Task details:
Return only the lines running from the one that contains "Bond (Pierce Brosnan)" through the end of the entries, exactly, both ends included. Omit pictures.

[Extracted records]
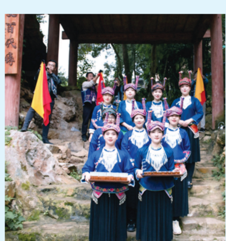
▲壮家儿女在六郎城村古城堡门口迎接远客。
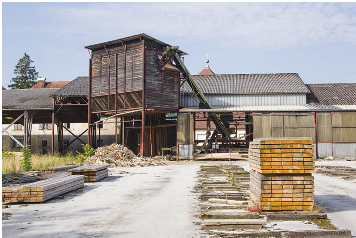
Silo à sciure et hangar de 1969-1970.
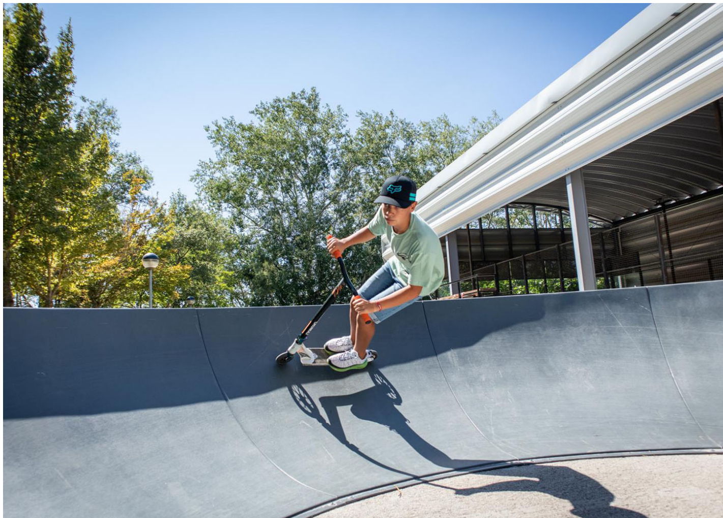
Pump Track 41mL JPT050

Instalación de un Pump Track de 41 m 2 en la provincia de Cuenca: un espacio seguro y diseñado para aprender y disfrutar en bicicleta y patinete.
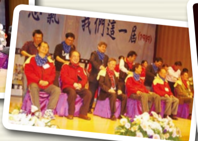
▲ 校友代表行按摩捶背報師恩儀式
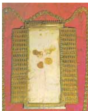
Relique de l'un des deux Corporaux tachés de Sang conservé dans l'église de Daroca

Le Miracle Eucharistique de Daroca se produisit juste avant une des nombreuses batailles des Espagnols contre les Maures. Les commandants chrétiens demandèrent au prêtre du camp de célébrer une Messe, mais quelque minutes après la consécration, une soudaine attaque de l'ennemi obligea le prêtre à interrompre la Messe et à cacher les Hosties consacrées dans les linges en lin de la célébration. Les Espagnols sortirent vainqueurs de la bataille et les commandants demandèrent au prêtre de leur donner la communion avec les Hosties consacrées auparavant. Mais celles-ci furent retrouvées complètement couvertes de Sang. Aujourd'hui encore, on peut vénérer les linges tachés de Sang.
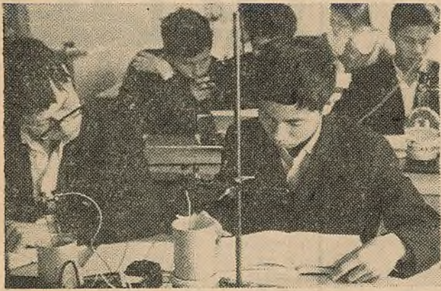
Падыходзяць к канцу заняткі на падрыхтоўчым факультэце. Яшчэ раз правяраюць свае веды перад сесіяй студэнты-в'етнамцы.
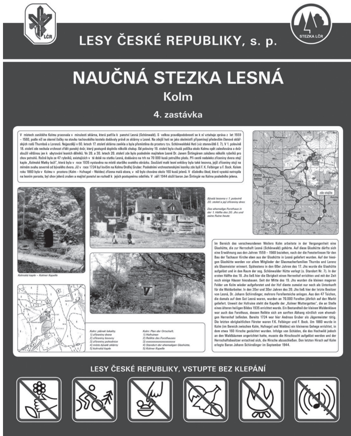
OBR. 5 NS Lesná — příklad panelu s kulturně-historickou tematikou — zaniklá obec Kolm.
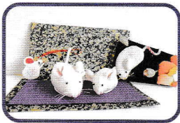
てづくりショップ 会員による作品

結びにあたり、本年が皆様にとりまして、素晴らしい年になりますことを祈念申し上げます、新年のごあいさつと致します。
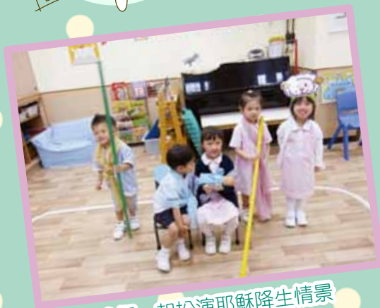
我們一起扮演耶穌降生情景
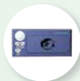
2 clavijas electrodo neutro N.º 20140-641
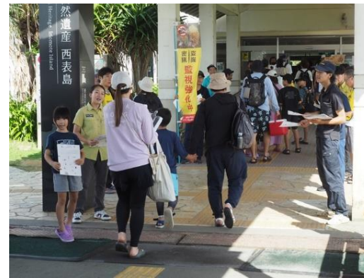
希少野生動植物の密猟・盗掘等防止のための普及啓発活動
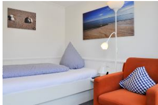
Schlafen im großen Einzelbett
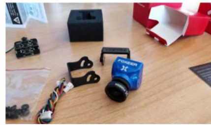
Рис. 3. Бортовая камера квадрокоптера
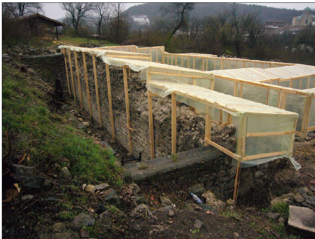
Обр. 4. Защитно покритие на църква № 8 на Трапезица, поставено през 2013 г.
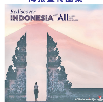
Rediscover Indonesia 宣传图案

计划,成为 ALL 成员很容易让您在预订此优惠时赚取积分并获得独家优惠。本报记者明光报道
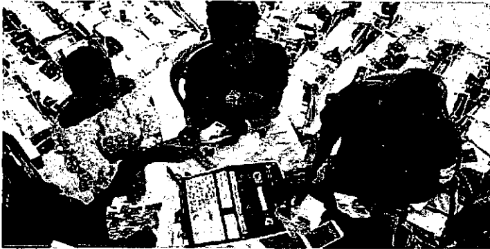
Amid an internet blackout, Congo delays election results Just over half the votes have been counted, says the electoral commission. Voters small a rat economist.06.17

It has been difficult to get reliable information in Congo. The internet and text-message services have been turned off across the country
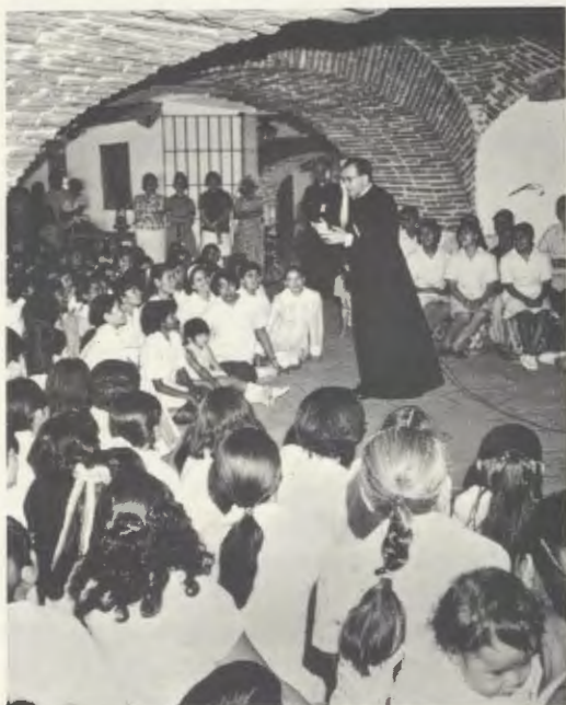
Msgr. Escrivá de Balaguer spricht zu einer Gruppe Bäuerinnen aus der Landwirtschaftsschule Montefalco. Juni 1970

Etwa hundert Kilometer nach Mexiko-City hörte die gute Straße auf. Wir nahmen einen Feldweg
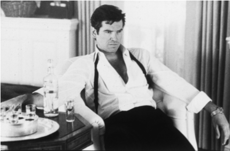
Bond (Pierce Brosnan) in der Rolle eines Philip Marlowe – TOMORROW NEVER DIES (GB 1997).

His last action was to slip his right hand under the pillow until it rested under the butt of the .38 Colt Police Positive with the sawn barrel. Then he slept, and with the warmth and humour of his eyes extinguished, his features relapsed into a taciturn mask, ironical, brutal, and cold (Fleming 1955, 10).
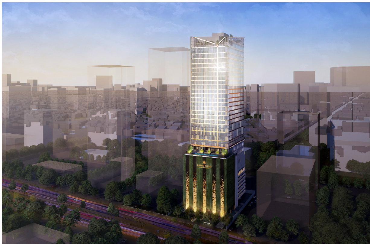
『グランドニッコー・バンコク サトーン』外観イメージ

西松建設株式会社(本社:東京都港区、代表取締役社長:高瀬 伸利、以下「西松建設」)、芙蓉総合リース株式会社(本社:東京都千代田区、代表取締役社長:辻田 泰徳、以下「芙蓉リース」)および株式会社ホテルオークラの子会社でホテル運営会社である株式会社オークラ ニッコー ホテルマネジメント(本社:東京都港区、代表取締役社長:荻田 敏宏、以下「オークラ ニッコー ホテルマネジメント」)は、タイ王国(以下「タイ」)の首都バンコクにおいて『グランドニッコー・バンコク サトーン』を 2025 年に開業する予定です。
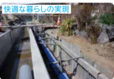
快適な暮らしの実現

令和4年6月に改定した「おだわら下水道ビジョン」では、下水道が果たすべき役割や目指すべき方向性、課題解決に向けた施策を掲げています。 WEBID P09152
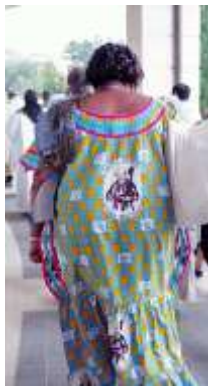
Oblata Cote Loire – Costa de Marfi

Answer box:
Bond (Pierce Brosnan) in der Rolle eines Philip Marlowe – TOMORROW NEVER DIES (GB 1997).

His last action was to slip his right hand under the pillow until it rested under the butt of the .38 Colt Police Positive with the sawn barrel. Then he slept, and with the warmth and humour of his eyes extinguished, his features relapsed into a taciturn mask, ironical, brutal, and cold (Fleming 1955, 10).
『グランドニッコー・バンコク サトーン』外観イメージ

西松建設株式会社(本社:東京都港区、代表取締役社長:高瀬 伸利、以下「西松建設」)、芙蓉総合リース株式会社(本社:東京都千代田区、代表取締役社長:辻田 泰徳、以下「芙蓉リース」)および株式会社ホテルオークラの子会社でホテル運営会社である株式会社オークラ ニッコー ホテルマネジメント(本社:東京都港区、代表取締役社長:荻田 敏宏、以下「オークラ ニッコー ホテルマネジメント」)は、タイ王国(以下「タイ」)の首都バンコクにおいて『グランドニッコー・バンコク サトーン』を 2025 年に開業する予定です。
快適な暮らしの実現

令和4年6月に改定した「おだわら下水道ビジョン」では、下水道が果たすべき役割や目指すべき方向性、課題解決に向けた施策を掲げています。 WEBID P09152
Oblata Cote Loire – Costa de Marfi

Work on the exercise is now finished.